8 Jun 2019 - 9:39 p. m.

"Debe haber cátedras de educación sobre drogas sin prejuicios": Sebastián Lanz

Este abogado de la Universidad de los Andes, junto con su hermano Alejandro, fundó Temblores ONG, organización que intervino ante la Corte Constitucional para apoyar la solicitud de que el Código de Policía no pudiera prohibir el consumo de drogas o licor en espacios públicos.

Redacción Judicial

Sebastián Lanz (segundo de der. a izq.) y parte de su equipo de trabajo en Temblores ONG.  / Gustavo Torrijos - El Espectador
Sebastián Lanz (segundo de der. a izq.) y parte de su equipo de trabajo en Temblores ONG. / Gustavo Torrijos - El Espectador

El pasado jueves 6 de junio, la Corte Constitucional tomó una determinación controversial para el país entero: tumbar, dentro del Código de Policía, las prohibiciones al consumo de licor o de sustancias psicoactivas en espacios públicos. Para la Corte, "la prohibición amplia y genérica impuesta por el Código Nacional de Policía y Convivencia no es razonable constitucionalmente, pues a pesar de buscar un fin que es imperioso (la tranquilidad y las relaciones respetuosas) lo hace a través de un medio que no está dirigido a alcanzar dicho fin". El presidente Iván Duque señaló, de inmediato, que mantendría en pie el decreto que autorizó a la Policía a incautar dosis mínimas, mientras alcaldes de varias ciudades rechazaban la decisión arguyendo que los niños quedaban desprotegidos. 
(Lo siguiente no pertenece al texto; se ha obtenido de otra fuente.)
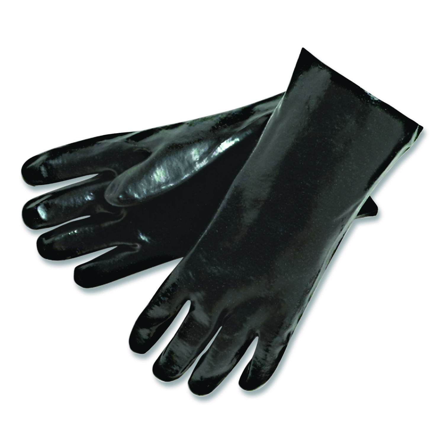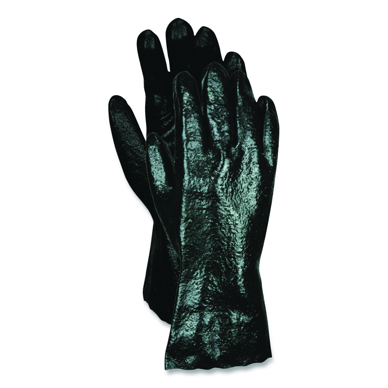 Rough Finish Single Dipped PVC Gloves, 12″ Long, Large, Black, 12 Pairs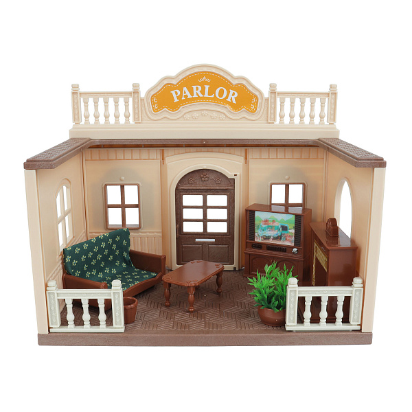 Игровой набор включает уютную обставленную комнату и фигурку кролика в синем комбинезоне. Гостиная выполнена в пастельных тонах с зелеными и коричневыми акцентами. В набор входят диван, столик, телевизор, растения и миниатюрный чайный сервиз с чайником, чашками и тарелками. Все элементы выполнены из безопасного пластика.

::Si los padres no toman las riendas, el Estado no evitará que consuman drogas: demandantes::

Temblores ONG fue una de las organizaciones que intervino ante la Corte para pedir que la norma se tumbara. El Espectador habló con el coordinador del área de Incidencia y Litigio Estratégico de la ONG, Sebastián Lanz, quien explica el porqué de su postura y sostiene que el Estado colombiano, más que prohibir este tipo de acciones, debe buscar la educación especialmente de niños y jóvenes alrededor de sustancias como las drogas y el alcohol.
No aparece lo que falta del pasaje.